Brumel's Lamentations comprise nineteen verses (ch 2, vs8-15 and ch 3, vs1-11). They do correspond to the Good Friday lessons in a Franciscan breviary published in Venice in 1478. Lessons usually have three refrains: "Jerusalem, Jerusalem, convertere ad Deum Dominum tuum". The odd thing is that Brumel's Lamentations have five refrains, and they are placed in a liturgically inappropriate way. Stras comes up with an original explanation. The refrains "divide the verses, a prescient allegory of the Good Friday story, into a narrative that corresponds closely to the arc of Senecan tragedy: Exposition, Beginning of Action, Complication of Action, Reversal of Fortune, Catastrophe. Each of the 'lessons' (as they would be in the liturgy) thus becomes an act in a Passion drama, narrated - as Senecan tragedies were once thought to have been - by a single 'voice'." She then specifies how she sees the connection between these Lamentations and tragedy. Obviously, it will be hard to prove that she is right here. However, she adds some circumstantial evidence which suggests that her explanation has to be taken seriously. "Seneca's tragedies had been well known in Florence for centuries, particularly through the education of its youth. Reading the setting in this way makes sense if the manuscript originated in a confraternity, the lay brotherhoods that formed the basis of so much of Florence's cultural, political, and religious life. Some indications in P.M.'s manuscript suggest that it may have belonged to the flagellant confraternity, the Buca di San Paolo."

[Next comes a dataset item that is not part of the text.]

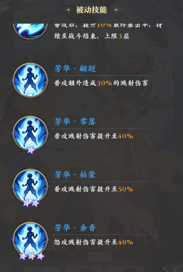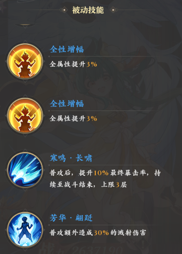 通过升级培养,绿萝后续还可以继续获得两个3%的全属性提升,它们让绿萝因此变得更加全面,后续还会新增两个独有的被动,分别是能在普攻后提升至多30%暴击的“寒鸣·长啸”以及能让普攻额外造成30%溅射伤害的“芳华·翩跹”。

In addition to the Lamentations by Brumel, we get here pieces from the other collection copied by Antonius Morus. It includes music for the entire ecclesiastical year, mostly by anonymous composers. Only four items bear the name of the composer, and five other pieces can be identified because they also appear in other sources. For this programme the performers have selected eight pieces, five of them anonymous. Both Ave Maria and Salve Regina are alternatim compositions.

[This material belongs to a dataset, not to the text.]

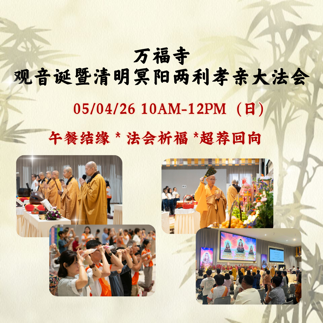 ✨日期:2026年4月5日(星期日)清明节正日✨流程时间:法会 10AM-12PM午餐12PM-130PM

There is one important aspect of this recording that has to be discussed. Laurie Stras, in her liner-notes, mentions that the two collections which are the sources of this recording, are very similar in that the pieces are mostly for equal voices. This can be explained by the fact that they were intended for performance in a women's convent. However, in her notes on the performance, she writes that some of the works on this disc, among them Brumel's Lamentations, were transposed into ranges appropriate for female voices. Do we have to conclude from this that the collections also include pieces in the conventional scoring? Whatever is the case, this practice leads to two conclusions. First, independent of the quality of the performances by Musica Secreta, there is certainly room for another recording in the 'conventional' line-up with male voices. Second, these performances shed light on an important liturgical practice which does not receive that much attention: the singing in women's convents. This undoubtedly deserves more research, also with regerd to performance practice. In this recording, the low voices are either transposed upwards or are played in their normal range on viola da gamba and organ. It is to be hoped that such research will result in more recordings of the kind we have here.

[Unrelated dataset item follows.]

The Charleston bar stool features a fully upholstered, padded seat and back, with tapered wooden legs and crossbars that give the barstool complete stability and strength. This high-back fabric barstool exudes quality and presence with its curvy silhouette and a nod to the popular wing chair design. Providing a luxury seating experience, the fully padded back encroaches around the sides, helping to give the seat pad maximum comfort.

This disc is an excellent case for such recordings as well as the performance practice it documents. Musica Secreta is an ensemble of nine voices which blend perfectly. They have found the right approach to this repertoire and perform it in an engaging manner. The liturgical character is well observed, also with regard to the acoustical environment. This is a disc nobody interested in renaissance polyphony should miss.